Atlas did not release the names of the victims. The Houston Chronicle identified them this afternoon as Capt. Sean Archuleta, Capt. Ricky Blakely and First Officer Conrad Jules Aska. In a statement today, Purchase, New York-based Atlas said it has established a Family Assistance Center staffed with specialists to support the families of the deceased. Atlas CEO William J. Flynn is on site with a team from the airline, it said.

Atlas Air flight 3591 was operated for Seattle-based e-tailing giant Amazon.com, Inc. (NASDAQ:AMZN) as part of a contractual relationship in which Atlas provides aircraft, crew, maintenance and insurance services to Amazon. The relationship is better known by its acronym of “ACMI.” Amazon has leased 20 Boeing 767-300s from Atlas for that purpose.

 Air traffic controllers lost radar and radio contact with the plane when it was about 30 miles southeast of the airport, The Chronicle said, citing comments by the Federal Aviation Administration. The aircraft disintegrated upon impact, leaving what witnesses called total devastation. The Chronicle reported earlier today that the largest piece that authorities had recovered was 50 feet long.

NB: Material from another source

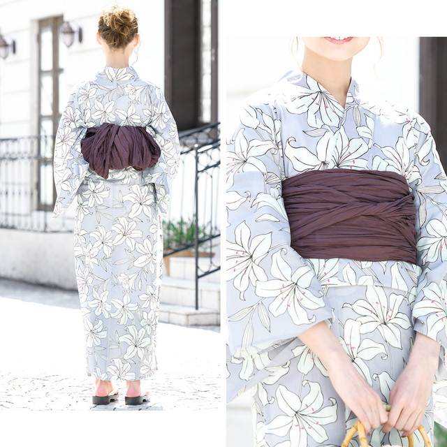 浴衣セット レディース レトロ 浴衣セット 大人 2024 3点セット 水色系 白系 ホワイト ボルドー 百合 ユリ 花 フラワー 夏祭り 花火大会 女性用 S・フリー

In freighter configuration, the 767-300 model can carry up to 116,000 pounds of cargo. It is unclear at this time how much tonnage the plane was carrying. Jesse Cohen, a long-time airline executive and FreightWaves’ air cargo market expert, said the model is commonly used in air commerce, and is a “very capable and proven” mid-sized aircraft. Amazon, which uses the aircraft to transport goods ordered by its “Amazon Prime” customers, has so far agreed to lease 50 of the planes. Besides the 20 from Atlas, it has leased 30 from Air Transport Services Group (NASDAQ:ATSG), an Atlas competitor.

The National Transportation Safety Board (NTSB), which handles air, rail and pipeline accident investigations, has taken charge of the inquiry. Because the aircraft was a cargo plane, the NTSB will review the characteristics of the cargo on board to determine whether any of the parcels could have contained any kind of declared or undeclared dangerous goods, such as lithium-ion batteries, that have in the past been cited as the cause of aircraft incidents.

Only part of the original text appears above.